Work item -> The listing below should be printed again word for word, without any images.

Supplied data ->
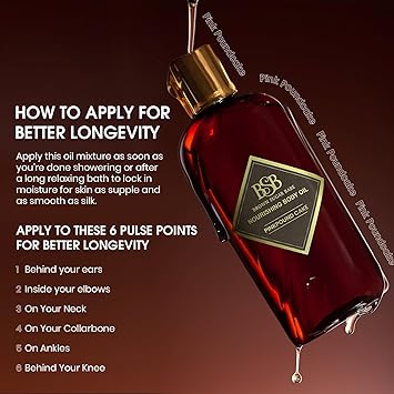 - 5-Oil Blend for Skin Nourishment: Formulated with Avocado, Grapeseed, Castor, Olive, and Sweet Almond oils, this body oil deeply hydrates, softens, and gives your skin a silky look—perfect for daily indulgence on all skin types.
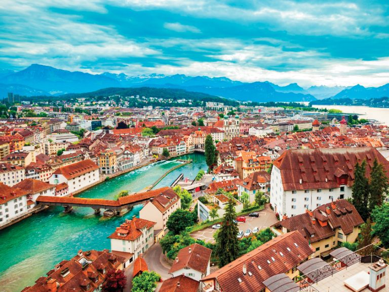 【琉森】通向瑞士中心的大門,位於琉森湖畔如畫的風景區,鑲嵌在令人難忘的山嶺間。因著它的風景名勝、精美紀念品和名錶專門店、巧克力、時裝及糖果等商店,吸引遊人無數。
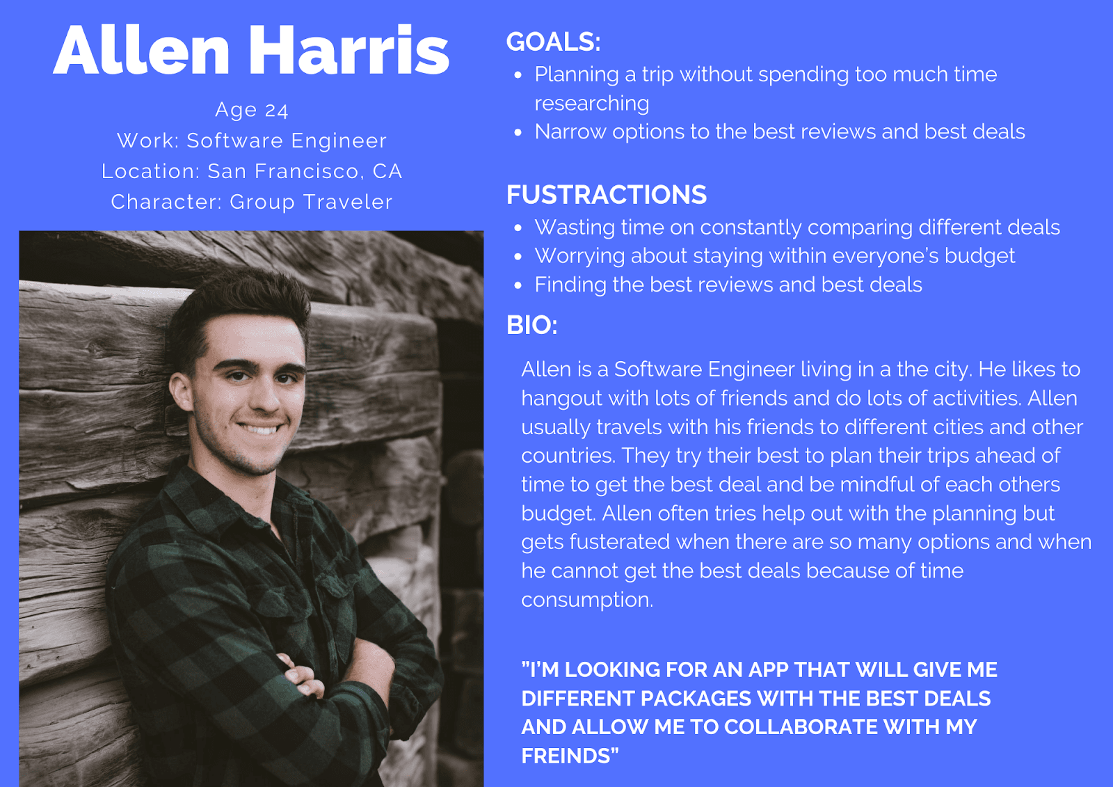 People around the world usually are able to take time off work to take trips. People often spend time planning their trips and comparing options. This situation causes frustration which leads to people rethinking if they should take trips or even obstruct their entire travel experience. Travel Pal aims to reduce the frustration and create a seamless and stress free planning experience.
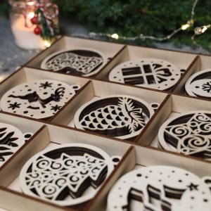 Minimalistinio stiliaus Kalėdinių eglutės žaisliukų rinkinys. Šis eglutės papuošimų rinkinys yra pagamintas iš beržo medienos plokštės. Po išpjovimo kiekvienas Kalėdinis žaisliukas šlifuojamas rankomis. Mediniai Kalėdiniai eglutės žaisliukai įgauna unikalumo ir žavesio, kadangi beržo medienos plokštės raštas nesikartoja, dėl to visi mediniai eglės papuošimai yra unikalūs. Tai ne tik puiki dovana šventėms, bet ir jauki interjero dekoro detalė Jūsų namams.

Response to the exercise ->
 - 5-Oil Blend for Skin Nourishment: Formulated with Avocado, Grapeseed, Castor, Olive, and Sweet Almond oils, this body oil deeply hydrates, softens, and gives your skin a silky look—perfect for daily indulgence on all skin types.
 【琉森】通向瑞士中心的大門,位於琉森湖畔如畫的風景區,鑲嵌在令人難忘的山嶺間。因著它的風景名勝、精美紀念品和名錶專門店、巧克力、時裝及糖果等商店,吸引遊人無數。
 People around the world usually are able to take time off work to take trips. People often spend time planning their trips and comparing options. This situation causes frustration which leads to people rethinking if they should take trips or even obstruct their entire travel experience. Travel Pal aims to reduce the frustration and create a seamless and stress free planning experience.
 Minimalistinio stiliaus Kalėdinių eglutės žaisliukų rinkinys. Šis eglutės papuošimų rinkinys yra pagamintas iš beržo medienos plokštės. Po išpjovimo kiekvienas Kalėdinis žaisliukas šlifuojamas rankomis. Mediniai Kalėdiniai eglutės žaisliukai įgauna unikalumo ir žavesio, kadangi beržo medienos plokštės raštas nesikartoja, dėl to visi mediniai eglės papuošimai yra unikalūs. Tai ne tik puiki dovana šventėms, bet ir jauki interjero dekoro detalė Jūsų namams.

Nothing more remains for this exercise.